Theoretical framework
In recent years, the ethical design concept of embedding values in the research and development stage emphasized in research fields, such as responsible innovation and value sensitive design, has dominated global AI governance. However, even if value is embedded in the early stage of technology development, potential risks caused by AI applications may still be unavoidable. On one hand, AI is a revolutionary technology that has the potential to fully penetrate all aspects of life and reshape social production relations. Therefore, the values guiding AI applications are dynamically evolving. On the other hand, the iteration speed of AI technologies is very fast, which will have particularly far-reaching implications as it gradually replaces the control power of human decision-making. However, humans and institutions, rather than artificial technological entities and their algorithms, should ultimately control the decision-making behavior of high-level autonomous systems, and bear ethical and legal responsibilities.
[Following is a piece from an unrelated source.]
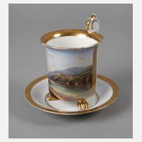 um 1840, ungemarkt, Zylinderform mit drei Löwentatzenfüßen, hochgezogenem Rosettenhenkel und schauseitiger Rechteckkartusche mit Vedute in feiner polychromer Aufglasurbemalung, Blick auf die Neckarbrücke und das Heidelberger Schloss, flankiert von goldradierten Weinranken und Goldstaffage, dazu passende Untertasse, Vergoldung minimal berieben, H gesamt 12 cm.

The fundamental ethical challenge of AI is the issue of the responsibility gap. The overall relationship between humans and intelligent machines is a novel “distributed control” relationship, which requires a new theoretical framework as the basis for attribution of responsibility.
Future improvements
The concept of MHC has two basic components: “meaningful” and “control.” “Meaningful” refers to the basic conditions for humans to control the behavior of intelligent machines and assume moral responsibilities. “Control” involves the diversification of the forms of control humans have over intelligent machines. The collection of different forms of control and responsibility is conducive to the implementation of intelligent machine behavior monitoring mechanisms. This provides a theoretical entry point for resolving the responsibility gap. Filippo Santoni de SiO and Jeroen van den Hoven made a groundbreaking argument on the moral philosophical basis of MHC, providing a regulatory framework for the two conditions of “tracking and tracing” from the perspective of socio-technical systems.
The “tracking” principle involves the relational nature between human controllers and controlled systems. “Tracing” is the supplement for “tracking,” referring to the ability of tracing at least one responsible agent for system behaviors.
However, there are some difficulties in translating MHC’s normative instructions into feasible operations: the operational standard of the tracking principle requires determining who those agents are and what motivates their actions; the operational standard of the tracing principle requires identifying whether these agents have both technical expertise and ethical awareness.
In response to the operability dilemma of the tracking principle, Giulio Mecacci et al. proposed a “proximate scale of reasons” that can explain the relationship between reasons of human actions and system behaviors.
Going forward, there is a need to refine the types of technical expertise and ethical awareness in the controlled system. Furthermore, it is necessary to conduct a perceptual survey for the system control ability in knowledge, embodiment, and morality.
In general, the implication of MHC as an ethical principle is to reaffirm the right of human security in AI applications. The rapid advancement of MHC research indicates that global governance of AI has entered a new stage. China is in a period of vigorous development opportunities for AI, and it is necessary to pay attention to cutting-edge ethical research on AI in the international community, and improve applicable local policies and regulations. In the framework of MHC’s moral philosophy, local ethical elements and accountability mechanisms can be incorporated to expand the theoretical foundation, thereby guiding and supervising the entire life cycle of AI.
Yu Ding is from the School of Social Sciences at Tsinghua University.